Advanced as technology has been in recent years, there has yet been a sophisticated enough technology to mimic the locomotors of birds.

The most recent trial to imitate the class aves comes from the efforts of researchers from Stanford in a project they have called ‘PigeonBot’.

In its current phase, the PigeonBot is in its very early stages looking nothing more than a school project. Specifically, much attention was given to how the dynamics of bird’s wings work. Contrary to popular belief, there is still much we do not know about how wings work.

David Lentik, the mechanical engineering professor of the project told his students to “dissect the biomechanics of the avian wing morphing mechanism and embody these insights in a morphing biohybrid robot that features real flight feathers,” with the pigeon as the primary model because of resilient traits.

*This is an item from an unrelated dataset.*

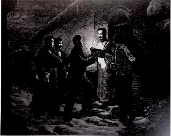 一般而言,圖像的敘事是共時(shí)的,若想在故事發(fā)生的瞬間完成敘事任務(wù)達(dá)到表達(dá)目的,就需要選取最有表現(xiàn)力的時(shí)刻。這一時(shí)刻繼承著上面故事的發(fā)展,也孕育著故事的后續(xù)進(jìn)行,也就是萊辛所說(shuō)的有“最大效果”的“頃刻”。美術(shù)家們?cè)谔幚眙斞杆诘膱?chǎng)景時(shí),選取的常常都是此種時(shí)刻,也使得畫(huà)面更能引人注目,進(jìn)而在不動(dòng)聲色間塑造起魯迅的權(quán)威形象。
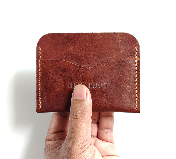 बीच में मुड़ी हुई मुद्रा/बिल और दोनों तरफ कार्ड रखने के लिए एक आसान बटुआ।

The researches found that feathers are primary factors in bird’s ability to fly. he team found that tiny microstructures on the feathers form a sort of one-way Velcro-type material that keeps them forming a continuous surface rather than a bunch of disconnected ones.

Eric Chang, one of the lead student in the research used a total of 40 pigeon feathers to create the PigeonBot. The difference though is that the robot uses a propeller on the front to derive its lift instead of from the feathers.

In summary of the research, they found that both the PigeonBot and the pigeon used their “wrist” when the wing was partly retracted, and “fingers” when extended, to control flight.

The last update given was by Mr. Lentik saying that they are working out ways to develop a tail to partner with the wing that would result in a probable better flight for PigeonBot.